CA: The house in Confessions is based on a real house in Burtonport, and a group known as the Screamers really did live there for a few years in the 1970s. This attracted quite a bit of media attention at the time, which I was drawn to in my research. I was more interested, though, in what the locals would have thought about this group turning up in the village, what kind of gossip would have started to circulate, and how that might have been projected onto the house itself.
Certain houses are particularly appealing to children, especially those they never get to go inside. The house’s exterior is the backdrop to Maíre and Róisín’s creative play, helping them develop their artistic skills. Later on, we see inside the house from Lyca’s perspective. She doesn’t see the house as mysterious in the way her school friends do because she’s lived there all her life. She has to see it through their eyes for it to come to life, so she can begin to search for its secrets.
The house I grew up in did provide some inspiration for Lyca’s sections in Confessions. It was the same house that my dad grew up in, so there was a lot of stuff in it that had been there for half a century. When I was a teenager and my grandma had to be moved to a nursing home, I helped my parents sort through some of her stuff. We found letters that my grandad had written to my grandma before they were married. She had gone back to Ireland to tell her family she was marrying a Protestant. Meanwhile, he was making visits to the local priest so he could convert to Catholicism. I loved stumbling across artefacts like this, which brought the past to life, then later filling in the gaps myself.
BB: Inspired by the Dooleys, I’ve started to play Alphabet I Spy! Was this a feature of your childhood?
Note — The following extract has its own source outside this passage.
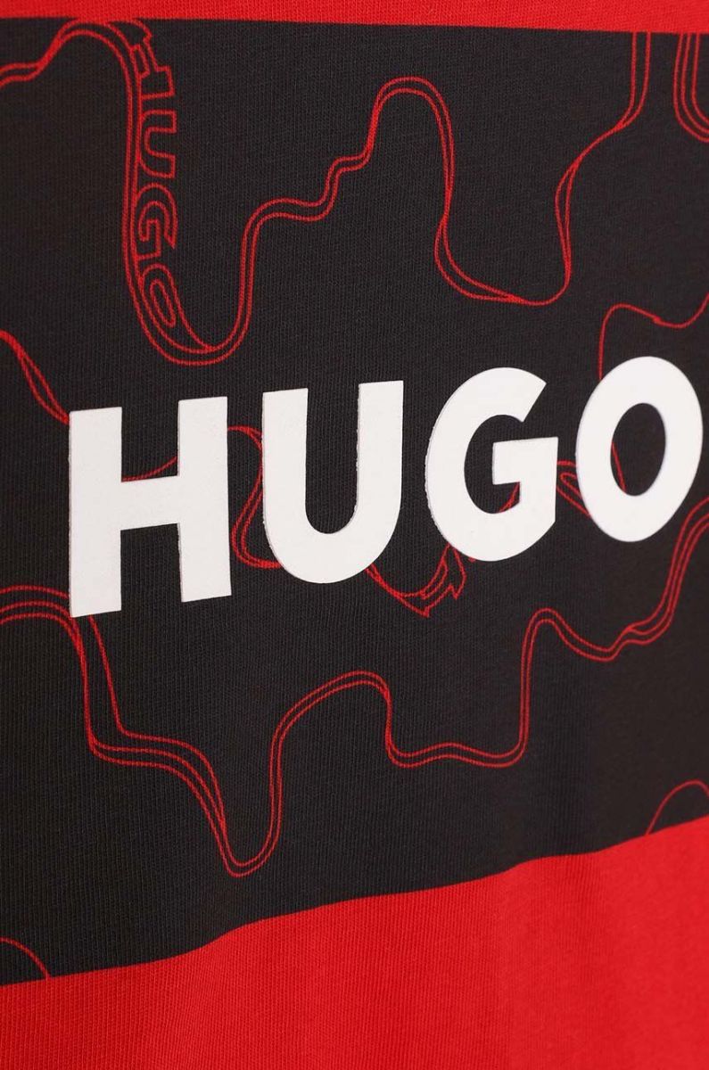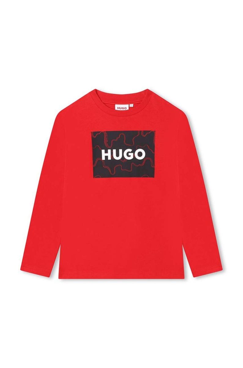 Дитячий бавовняний лонгслів HUGO колір червоний з принтом (3511618)

CA: I love this! The alphabet game was actually stolen from an ex… But I did invent games as a child to play with my sisters. Another thing I liked to do was adapt the rules of games. We had our own versions of Monopoly and Cluedo which bypassed rules I didn’t properly understand from the instructions. I’m sure some of my adaptations were advantageous to me (I was the eldest), but there was also something very satisfying about changing the rules and how this affected the way the game would work. Mostly, though, I preferred making up games that didn’t have a set objective, which avoided a competitive element. I’m not particularly interested in board games now, but I do like how they reveal the players’ characters, in a way that can be much more direct than through conversation.
BB: What’s next for you?
CA: My mum has always said I don’t make things easy for myself. I recently abandoned a novel I was a third of the way through because it was structurally quite similar to Confessions – characters in different times and places with a thread that pulls the stories together. I decided I didn’t want to keep writing the same kind of novel, and I had an idea for something very different, and difficult. So I’m working on that. It involves quite a bit more research than I’m used to. I’m loving that part of it, but also aware that research can quickly veer into procrastination. Mostly, I still can’t quite believe that I’m allowed to do this, and I have moments where I’m fearful I won’t finish another novel. But that’s all part of it. I’m not sure that ever goes away.
Confessions by Catherine Airey was published by Penguin on 23 January 2025.